Paper title:
Diffy: a Deja vu-Free Differential Deep Neural Network Accelerator
Problem to solve:
Modern deep neural networks have great amount of computation and date transfer, and many accelerators target on such high computational and data supply demands. Taking advantage of the computation structure, the data reuse, the static and dynamic ineffectual value content, and the precision requirements of DNNs, the target of this paper is to build a accelerator minimizing the computation and data transfer of DNNs without losing accuracy.
Major contribution:
Experimentally shows that DNNs for Computational Imaging exhibit high spatial correlation in their runtime-calculated value stream.
Presenting Diffy, a practical hardware accelerator that exploits this spatial correlation to transparently reduce the number of bits needed to store the network’s values on- and off-chip, and the computations that need to be performed.
The paper first analyses the information entropy of activations and conditional entropy of activation knowing adjacent prefix activations along x axis, and the entropy of delta between activations and adjacent prefix, showing that using delta encoding can efficiently compress the activations both in on-chip and off-chip.
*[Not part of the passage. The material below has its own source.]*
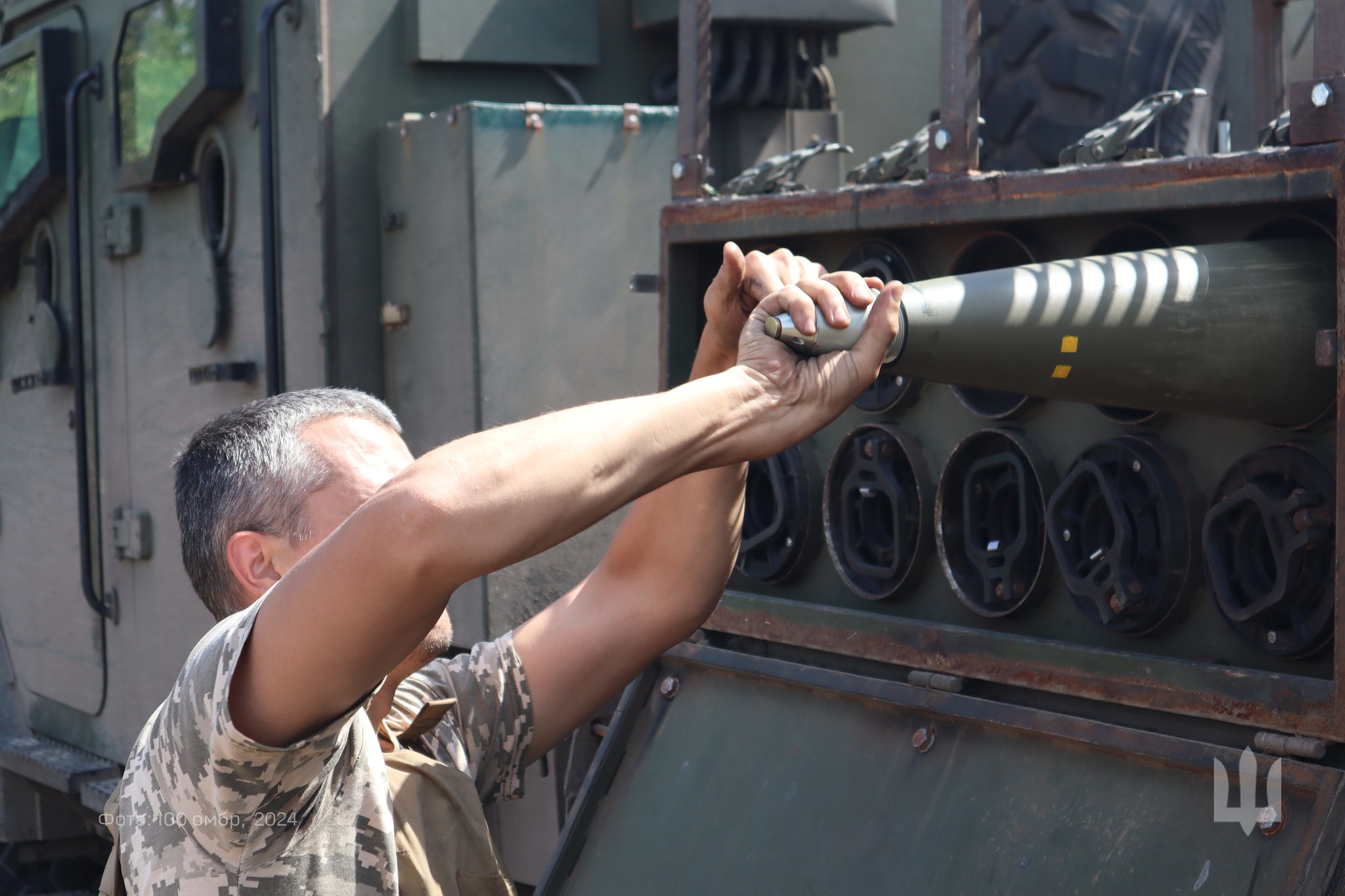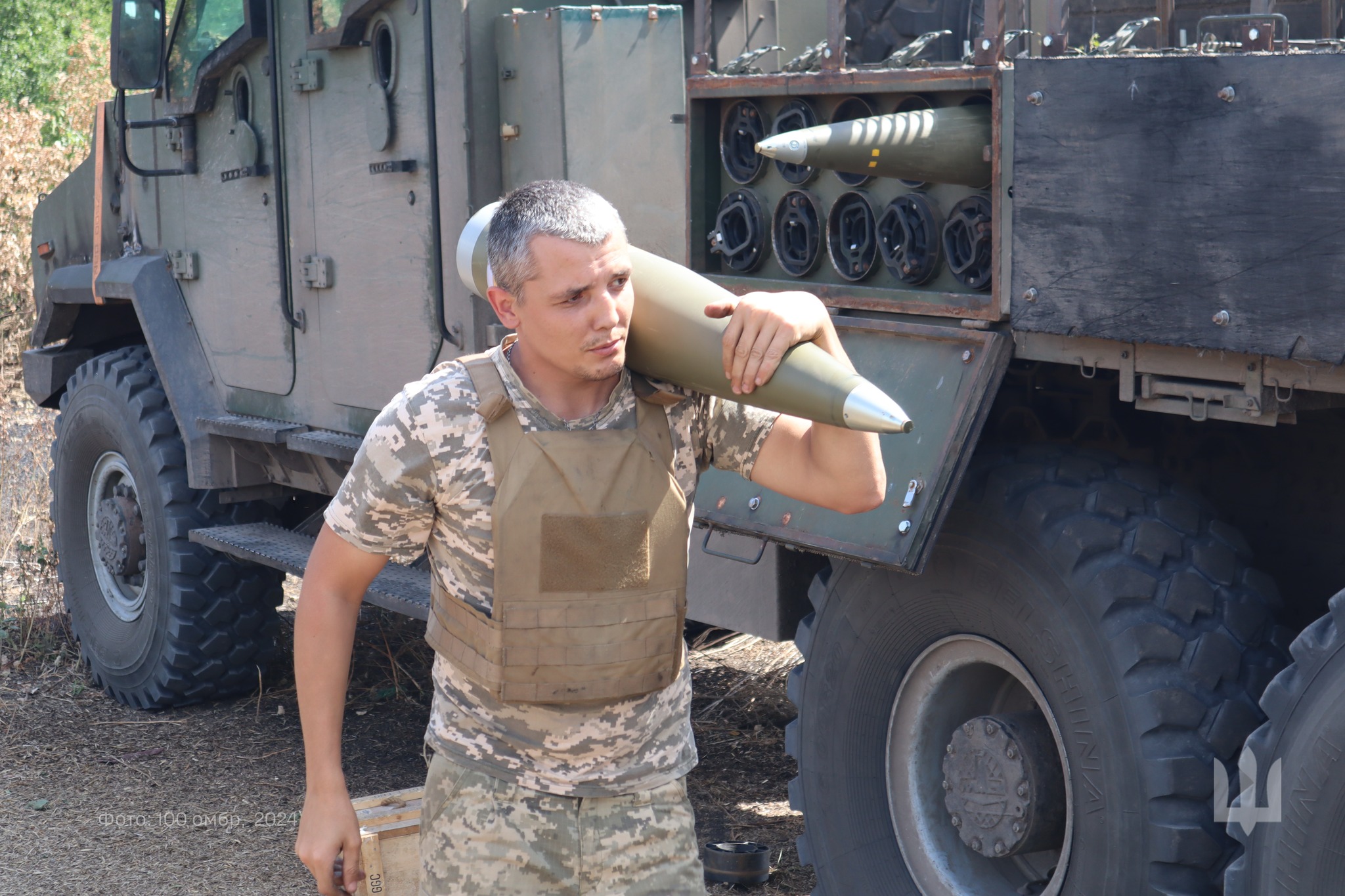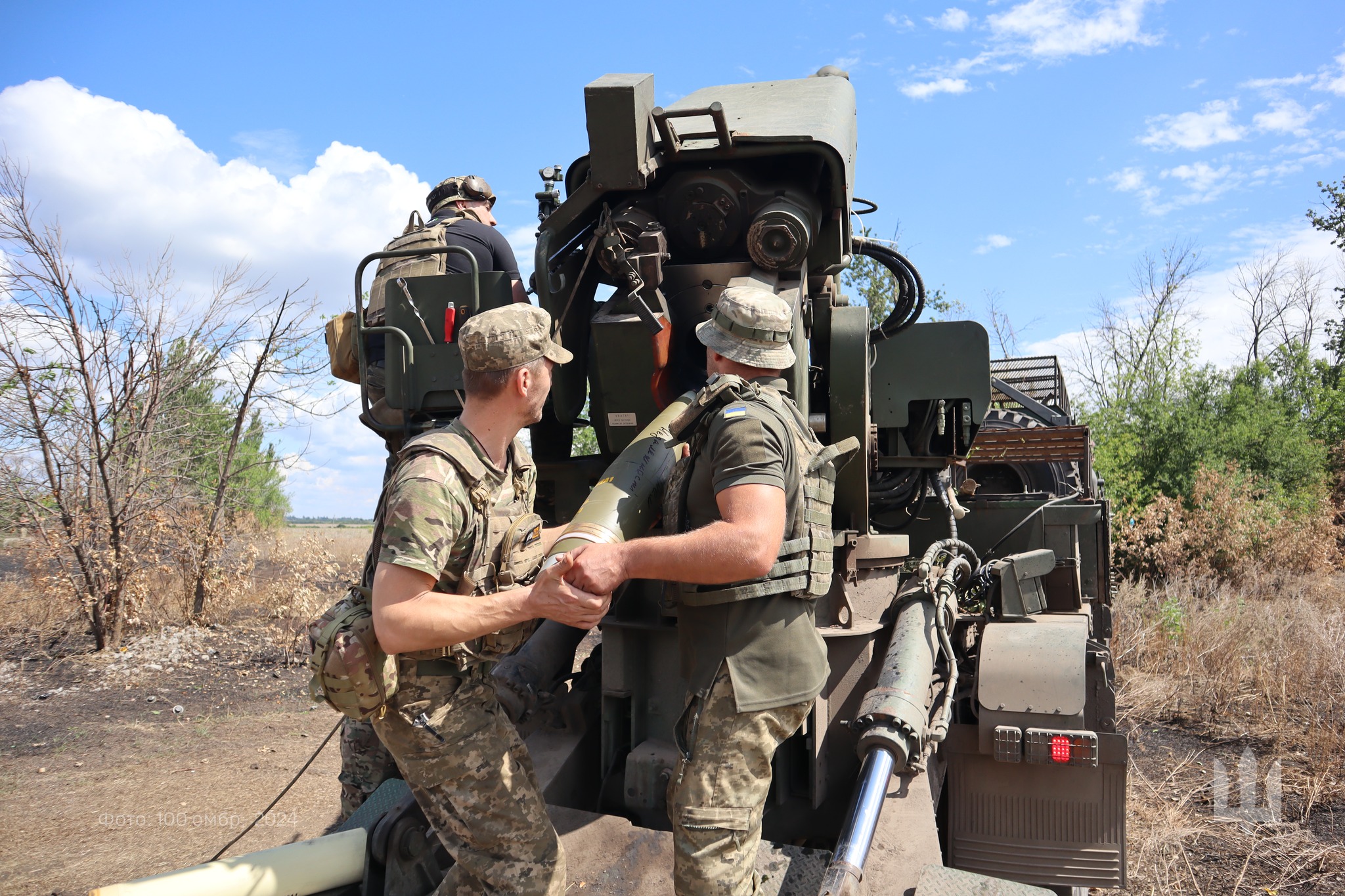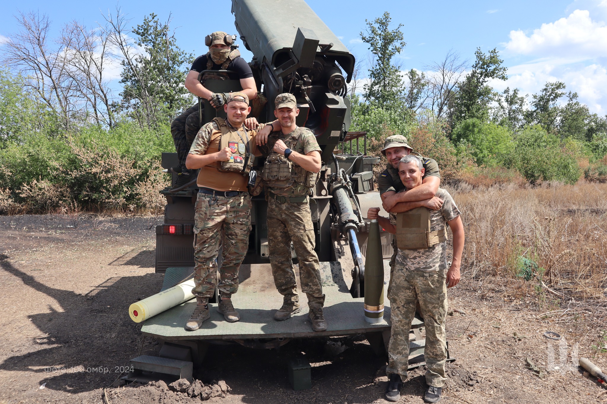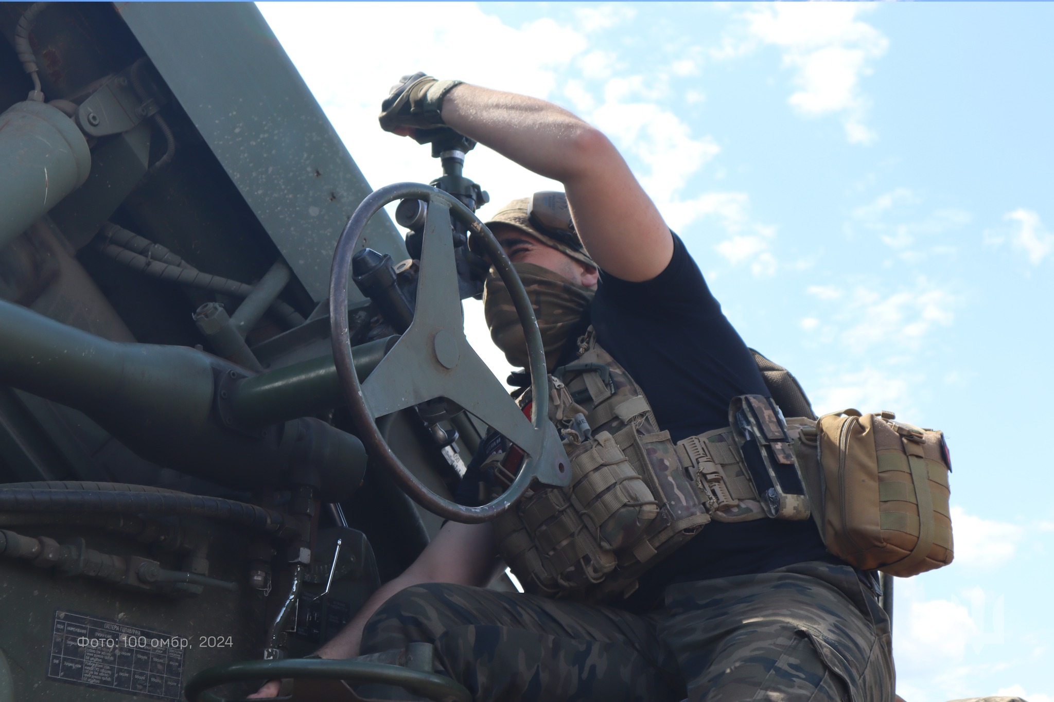 «Квінтет гармашів-віртуозаретів артилерійського дивізіону 100 омбр та їхня красуня-солістка – українська 155-мм САУ 2С22 «Богдана»! Артилеристи «Сталевої Сотки» переконують: найголовніше в іхній роботі досконало знати табличку…

Further, the paper propose a computing methods for convolution layers using delta values of input feature maps, based on the Bit-Pragmatic accelerator, which process activations “bit”-serially, one effectual term at a time in modified Booth encoding. The paper shows that delta values have less effectual terms than original activations, resulting in speeds up in computation.
Finally the paper experimentally study some typical DNNs to evaluation the proposed accelerator architecture, achieving significant performance improving.
Lessons learnt:
It is possible to achieve lossless compression and computation speed up in DNNs. Delta encoding is one of the simplest encoding, but it can be used in computing unit, and achieved significant improvement. It may be possible to introduce other lossless or lossy encoding methods and corresponding computation units, and achieve more improvement.
The paper uses Bit-Pragmatic computation architecture, which can take adventure of delta encoding, e.g. less effectual term in encoded activations. Without such methods the computation speedup can’t be achieved.